Non si evince la ragione per la quale la sentenza impugnata avrebbe affrontato, anche su richiesta della controparte, la questione della natura del rapporto in esame, se realmente “l’attuale appellante non ha mai messo in dubbio la natura del proprio rapporto di lavoro, cioè di estraneo all’amministrazione”.
Inoltre, si osserva che non è chiaro il significato che la Corte d’appello di Roma attribuisce alla circostanza di essere “estraneo all’amministrazione”, considerato che, una volta entrato nel SECIT, M. F. R. aveva di certo instaurato un qualche rapporto con il Ministero dell’Economia e delle Finanze.

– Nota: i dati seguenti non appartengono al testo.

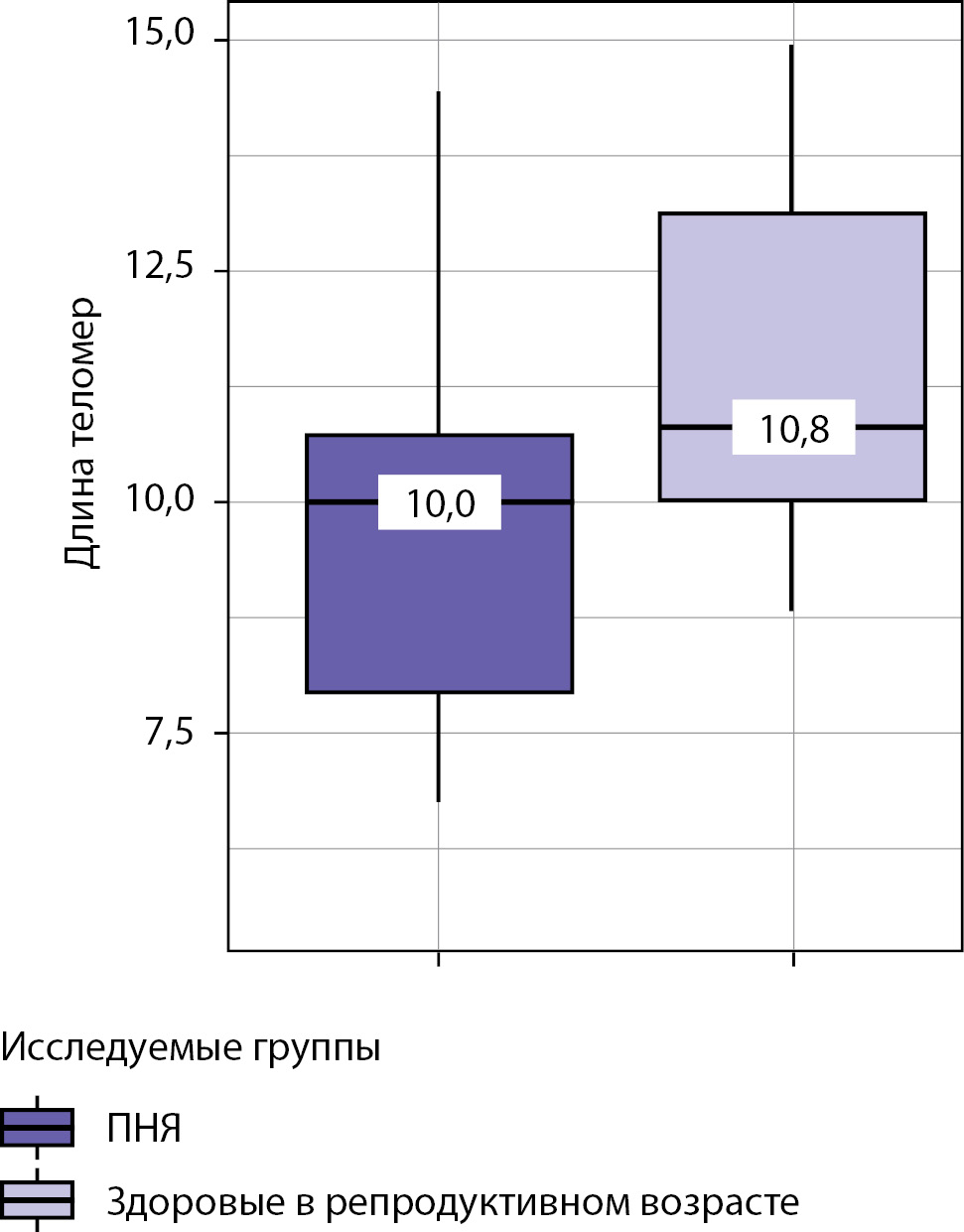 С целью более наглядного сопоставления длин теломер у исследуемой группы (ПНЯ, n=33) в качестве референсных показателей мы привели аналогичные показатели здоровых женщин репродуктивного возраста (контрольная группа, n=24). Медиана возраста в данной группе составила 36 [ 30,0–40,0] лет, ИМТ=22 [ 20,0–27,0] кг/м², ФСГ=5,85 [ 4,75–8,55] мМЕд/л, длина теломер 10,8 [ 10,0–13,1] кБ.

In ogni caso, si sottolinea che, a prescindere dall’impostazione difensiva del ricorrente adottata nei precedenti gradi di giudizio, finalizzata ad ottenere l’accertamento dell’esistenza di un rapporto di pubblico impiego (come si ricava dalle parti del ricorso introduttivo e dell’appello riportate nell’atto d’impugnazione), la stessa proposizione di una domanda di accertamento del “diritto a proseguire l’attività in corso quale esperto Se.C.I.T. presso il Dipartimento delle Finanze, al quale erano state trasferite le funzioni del citato Se.C.I.T., e/o al conferimento di un incarico equivalente secondo i principi desumibili dal CCNL 2002-2005 per i dirigenti di prima fascia delle amministrazioni statali” fondata sulla normativa e sulla giurisprudenza richiamate contiene in sé, implicitamente, l’affermazione dell’esistenza di un rapporto con la P.A. interessata e la negazione del suo carattere onorario.
2) Il ricorso è accolto.
La decisione impugnata è cassata con rinvio alla Corte d’appello di Roma, in diversa composizione, la quale deciderà la causa nel merito, anche in ordine alle spese del giudizio di legittimità.
P.Q.M.
– Accoglie il ricorso;
– cassa la decisione impugnata con rinvio alla Corte d’appello di Roma, in diversa composizione, la quale deciderà la causa nel merito, anche in ordine alle spese del giudizio di legittimità.